What to produce
Reproduce the listing below as it stands. Leave out each image.
*** Opening of Dataset section ***
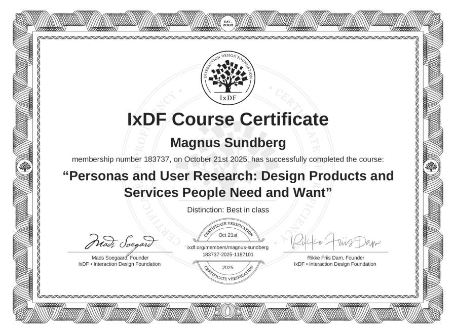 Magnus Sundberg's IxDF Course Certificate: Personas and User Research: Design Products and Services People Need and Want
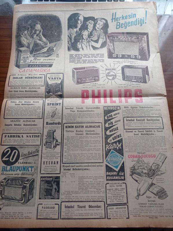Cumhuriyet Gazetesi - 17 Mart 1953 - Mareşal Tito Dün İngiltere'ye Vardı - Çanakkale Haftası - Tarabyada Mucize İle Biten Otomobil Kazası - İnsana Benzeyen Bir Ağaç Bulundu - Faruğun Eski Kraliçe Neriman'a açık Mektubu - New Moon Tatbikatı - Mısır'da Neler Oluyor - Nadir Nadi - Esad Tekeli - Hüsnü Sadık Durukal - 3 Kadın Romanı Yazan Peride Celal Yazı Dizisi - Burhan Felek - 16. Milletlerarası Santranç Turnuvası - İstanbul Golf Kulübü - Ordulararası Futbol Karşılaşmaları - Türkiye'nin En Meşhur Kadın Casusu Yazı Dizisi - Geçmişte Büyük Cinayetler Yazı Dizisi - Radyolin Diş Macunu - Hikaye Artistler Kapısı - Philips Radyo - Çapamarka - Tokat Çoban Sucuğu - Varta Akümülatörü - Blaupunkt Radyo adlı eser, Kitap > Süreli Yayınlar > Gazeteler > Türkiye > Genel > Günlük kategorisinde İkinci El olarak satıştadır.
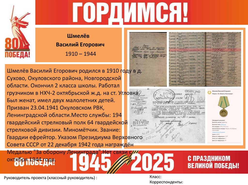 Шмелëв Василий Егорович родился в 1910 году в д.
*** Close of Dataset section ***
Task result
 Magnus Sundberg's IxDF Course Certificate: Personas and User Research: Design Products and Services People Need and Want
Cumhuriyet Gazetesi - 17 Mart 1953 - Mareşal Tito Dün İngiltere'ye Vardı - Çanakkale Haftası - Tarabyada Mucize İle Biten Otomobil Kazası - İnsana Benzeyen Bir Ağaç Bulundu - Faruğun Eski Kraliçe Neriman'a açık Mektubu - New Moon Tatbikatı - Mısır'da Neler Oluyor - Nadir Nadi - Esad Tekeli - Hüsnü Sadık Durukal - 3 Kadın Romanı Yazan Peride Celal Yazı Dizisi - Burhan Felek - 16. Milletlerarası Santranç Turnuvası - İstanbul Golf Kulübü - Ordulararası Futbol Karşılaşmaları - Türkiye'nin En Meşhur Kadın Casusu Yazı Dizisi - Geçmişte Büyük Cinayetler Yazı Dizisi - Radyolin Diş Macunu - Hikaye Artistler Kapısı - Philips Radyo - Çapamarka - Tokat Çoban Sucuğu - Varta Akümülatörü - Blaupunkt Radyo adlı eser, Kitap > Süreli Yayınlar > Gazeteler > Türkiye > Genel > Günlük kategorisinde İkinci El olarak satıştadır.
 Шмелëв Василий Егорович родился в 1910 году в д.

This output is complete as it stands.